The Jane Austen Book Club

Josh Bell

The second metafictional movie about Jane Austen in as many months, The Jane Austen Book Club seems to understand the famed author’s work about as well as the faux biography Becoming Jane did, which is to say not very well at all. The difference is that while Becoming was all about Austen herself, and thus backed itself into a corner with its reductive approach, Book Club is about the author’s fans, and even if it has a skewed perception of her books, it has a pretty savvy one of a certain class of people who read them.

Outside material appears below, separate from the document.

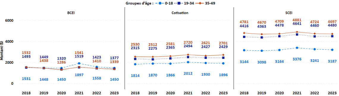 - Figure 15 : Moyenne annuelle ($) des cotisations, de la SCEI et du BCEI selon le groupe d'âge, de 2018 à 2023

Those are the protagonists of this film, five women, all lonely to one degree or another, all vaguely cultured and intellectual in a safe way, all looking to Austen’s books more as mirrors into their own lives and tools for self-improvement than as classic literature or glimpses into social mores of time gone by. While Austen was concerned with the way that love could bloom within a rigid class and social structure, both Becoming and Book Club seem to value that system as a method for finding love in the first place, as the simplistic “What Would Jane Do?” prescription (actually flashed on a traffic light at one point in the film) attests.

As misguided as it may be, the overidentification with Austen as a symptom of modern malaise for upper-middle-class women gets taken seriously here, and screenwriter-director Swicord (working from the novel by Karen Joy Fowler) paints a warm and sympathetic portrait of her characters and their searches for companionship.

The structure, which finds the club reading all six of Austen’s novels over a six-month period, and concurrently experiencing romantic travails that parallel the books’ plot elements, is a little too schematic and cutesy to be wholly satisfying, and the movie is sometimes achingly cheesy and predictable. But Swicord keeps things low-key, never striking the big, loud notes of mainstream romantic comedy, and her cast is utterly charming. It’s refreshing to see substantive romantic roles for women over 40, and Bello and Brenneman bring wonderfully human touches to their parts as the nominal leads.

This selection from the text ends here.